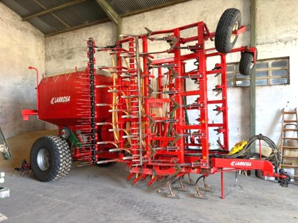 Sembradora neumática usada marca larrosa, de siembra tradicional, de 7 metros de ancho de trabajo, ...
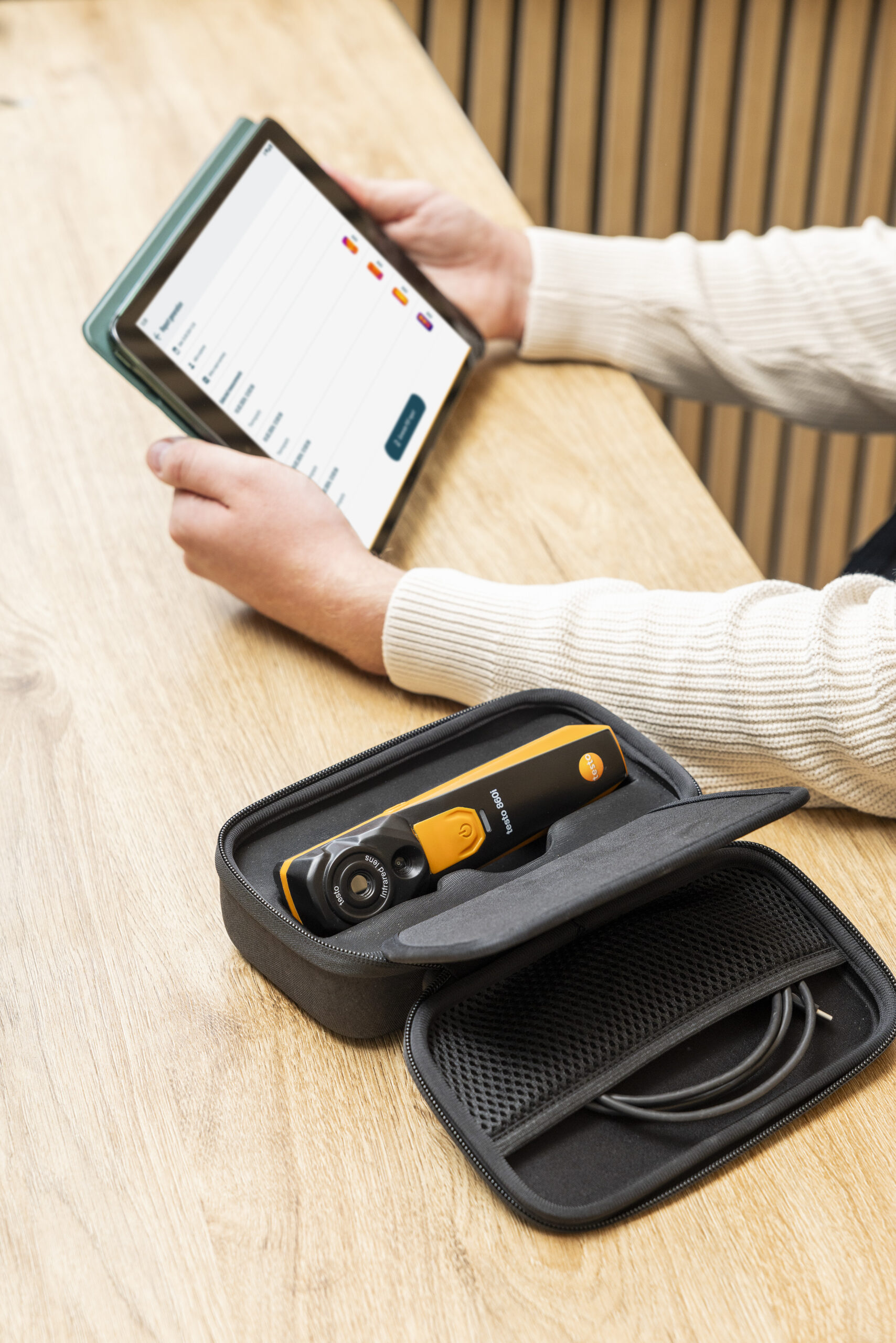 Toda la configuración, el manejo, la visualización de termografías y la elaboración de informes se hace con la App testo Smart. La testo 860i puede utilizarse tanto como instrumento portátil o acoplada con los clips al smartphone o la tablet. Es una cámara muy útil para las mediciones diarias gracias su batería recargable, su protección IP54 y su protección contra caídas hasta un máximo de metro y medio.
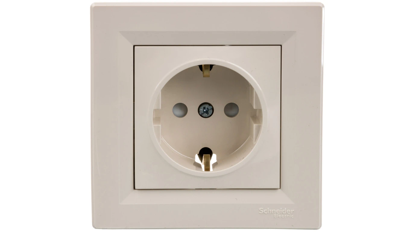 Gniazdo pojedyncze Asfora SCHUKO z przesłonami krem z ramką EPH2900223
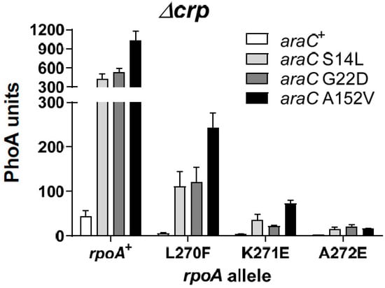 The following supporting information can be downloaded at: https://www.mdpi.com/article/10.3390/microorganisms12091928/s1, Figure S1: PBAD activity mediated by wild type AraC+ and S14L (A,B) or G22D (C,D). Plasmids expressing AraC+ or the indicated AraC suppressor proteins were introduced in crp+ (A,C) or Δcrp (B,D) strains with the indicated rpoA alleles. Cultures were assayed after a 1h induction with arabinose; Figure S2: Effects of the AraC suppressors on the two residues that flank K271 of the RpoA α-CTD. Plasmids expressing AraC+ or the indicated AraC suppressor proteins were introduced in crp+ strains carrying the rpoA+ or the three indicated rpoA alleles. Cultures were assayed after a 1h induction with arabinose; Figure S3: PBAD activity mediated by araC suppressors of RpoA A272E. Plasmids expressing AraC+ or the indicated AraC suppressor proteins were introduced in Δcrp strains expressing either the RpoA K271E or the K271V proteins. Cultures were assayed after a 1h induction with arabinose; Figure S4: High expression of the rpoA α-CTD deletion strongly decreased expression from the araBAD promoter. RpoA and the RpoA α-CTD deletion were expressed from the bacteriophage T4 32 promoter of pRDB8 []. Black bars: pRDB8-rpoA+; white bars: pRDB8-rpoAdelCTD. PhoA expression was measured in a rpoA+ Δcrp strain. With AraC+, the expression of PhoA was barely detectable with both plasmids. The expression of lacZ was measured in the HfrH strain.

#### Exercise aim
Print the data above exactly, from its first line to the line bearing "Gniazdo pojedyncze Asfora" inclusive, and keep pictures out of the result.

#### Exercise response
 Sembradora neumática usada marca larrosa, de siembra tradicional, de 7 metros de ancho de trabajo, ...
 Toda la configuración, el manejo, la visualización de termografías y la elaboración de informes se hace con la App testo Smart. La testo 860i puede utilizarse tanto como instrumento portátil o acoplada con los clips al smartphone o la tablet. Es una cámara muy útil para las mediciones diarias gracias su batería recargable, su protección IP54 y su protección contra caídas hasta un máximo de metro y medio.
 Gniazdo pojedyncze Asfora SCHUKO z przesłonami krem z ramką EPH2900223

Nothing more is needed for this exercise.